Lee Keegan is red-carded at Croke Park last Sunday

WE'VE said it before and we'll say it again ... history is written by the winners. But enough - for now - of Brian Cody's unedifying comments about referee Barry Kelly, and his apparent desire to settle old scores from the platform of yet another All-Ireland victory.

Instead, let's start by focusing on the number of what are deemed suitably qualified referees to officiate at the elite hurling level. Then ask yourself where will the next batch come from, and who would even crave such a poisoned chalice?

Over the past four summers, incorporating All-Ireland quarter-finals, semi-finals, finals and replays, there have been 23 SHC matches played at the business end of the championship.

Just seven referees have been appointed to one or more of these games: Brian Gavin (seven), Barry Kelly (six), James McGrath, Cathal McAllister (three apiece), James Owens (two), Johnny Ryan and Michael Wadding (one each). In other words, Gavin and Kelly have refereed 56.5pc of those games.

Between draws and replays, there have been seven deciders refereed by just three men: Gavin three times, Kelly and McGrath twice each.

Now, you may question whether too much familiarity breeds a certain contempt; others may ask is the GAA doing enough to spread appointments?

CRISIS

This column has a different take: there is a very shallow pool of top-class hurling referees, a particular paucity from Munster, and this threatens to become a crisis when this core group hang up their whistles. Put it this way: would you be a referee if your decision could be labelled "criminal", three weeks after the event, by the most successful manager in the history of the game?

Methinks you'd think twice.

You could argue the rights and wrongs of Kelly's decision to punish Brian Hogan for alleged charging in the last big play of the drawn All-Ireland final between Kilkenny and Tipperary. Most neutrals, with the benefit of several replay viewings, would concur that it shouldn't have been a free to Tipp - play-on, rather than a free-in to Kilkenny, was probably the right call.
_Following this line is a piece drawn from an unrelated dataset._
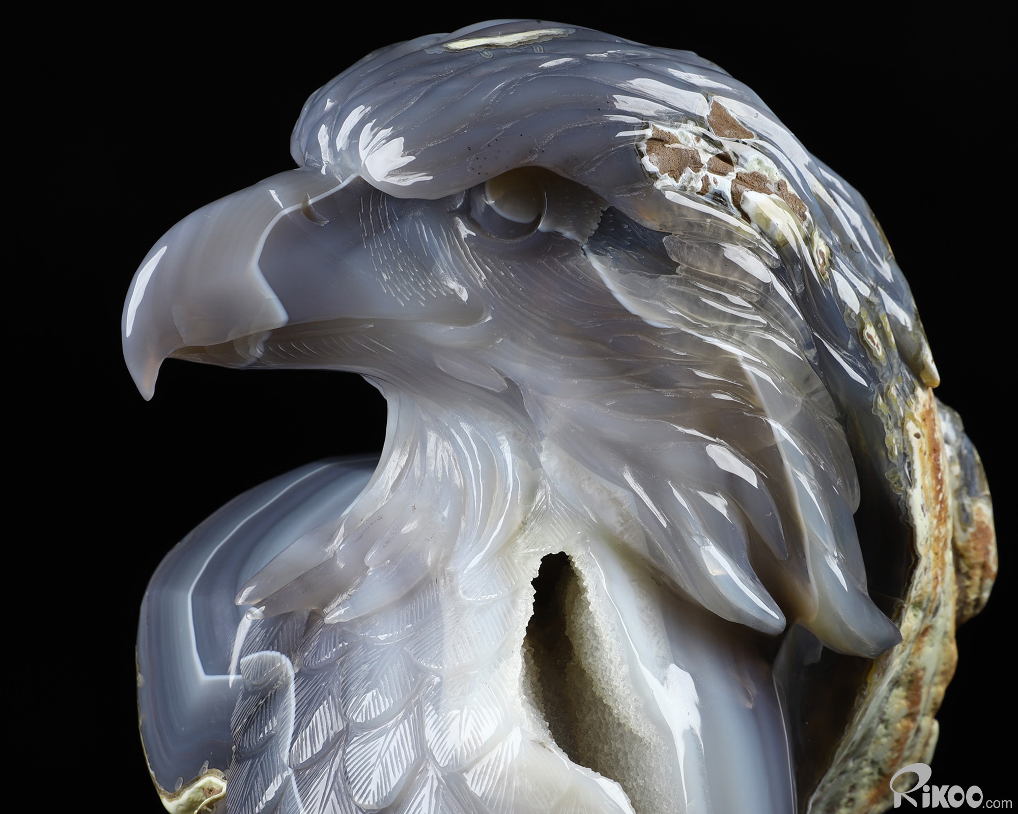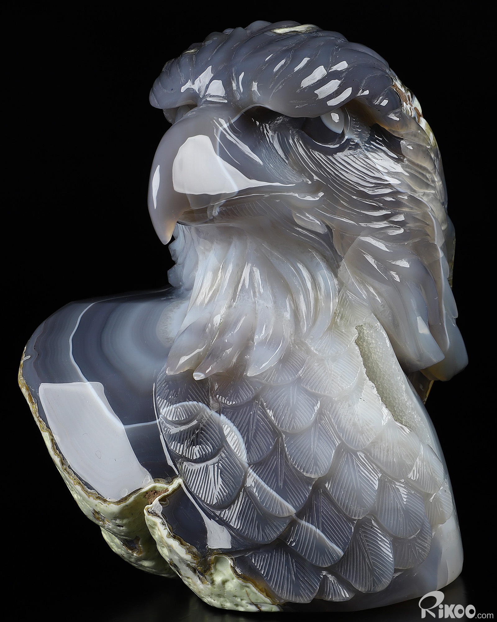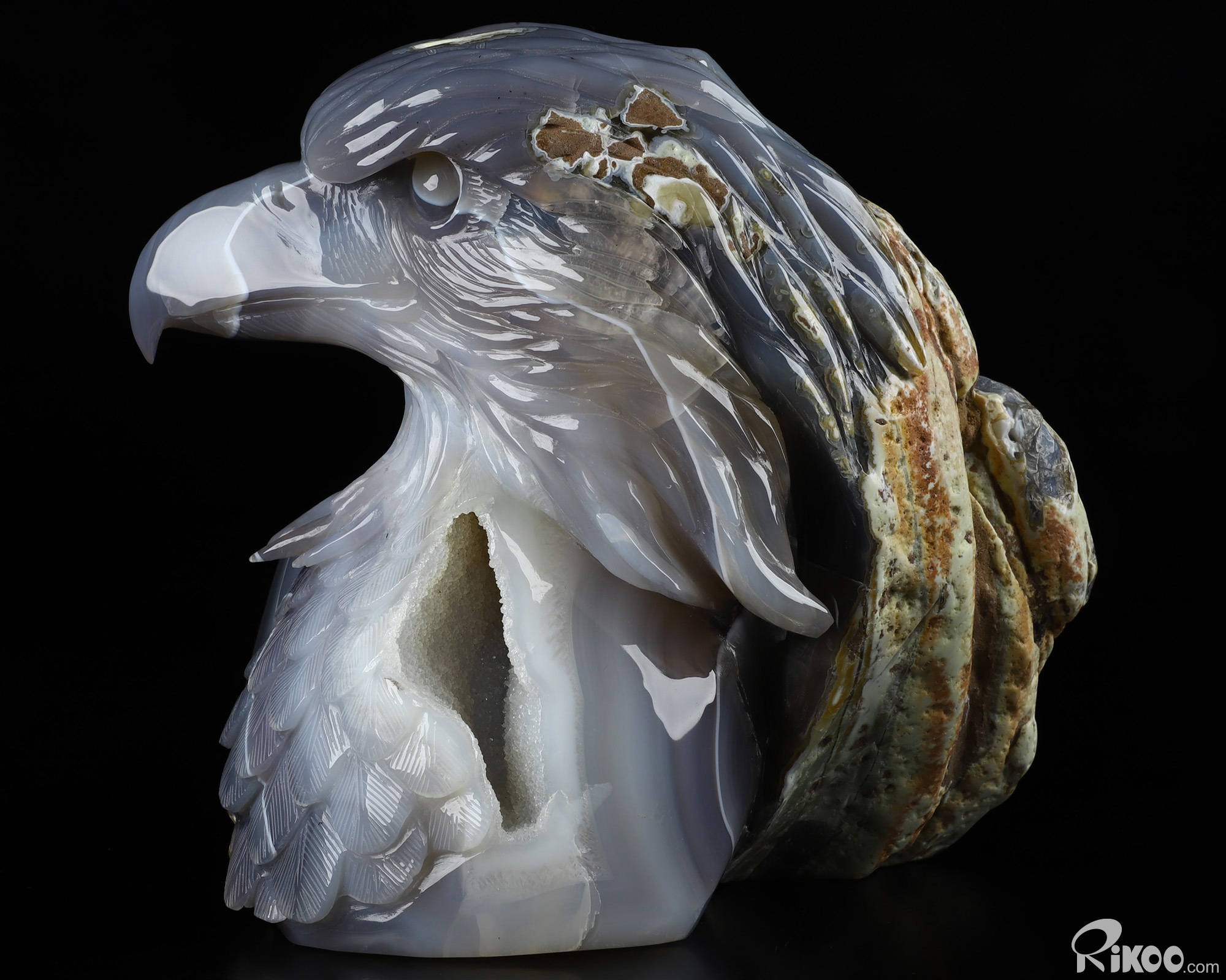 Awesome 7.6" Agate Geode Carved Crystal Eagle Sculpture, Realistic, Crystal Healing

And yes, given its timing and the scoreboard, it was a huge call.

SPLIT-SECOND

But Kelly only had one split-second view to make his decision and Kilkenny survived to eventually take home the cup. To use such loaded language as "criminal" - even if the Cats have a certain history with the Westmeath official, dating back to Galway's equalising free in the 2012 final and Henry Shefflin's red card last season - is not alone unfair and ill-timed but comes across as a cheap shot.

Westmeath GAA chairman Seán Sheridan issued his own loaded retort ("despicable") but made a salient point too: "No young fellow is going to want to take up the whistle after those comments."

The thing is, referees (like players) can have 'shockers' but still deserve respect. Moreover, Kelly's overall performance on September 7 earned praise from many neutral quarters. That has been buried amid Kilkenny's dispensing of revenge as a dish best served cold.

Cody isn't the last manager who feels sufficiently emboldened by All-Ireland deliverance to vent his spleen (Jim Gavin against the refereeing of Joe McQuillan in 2013, Jim McGuinness against an author/journalist in 2012). All three cases left a bad taste; sport isn't just about being gracious in defeat, but victory too.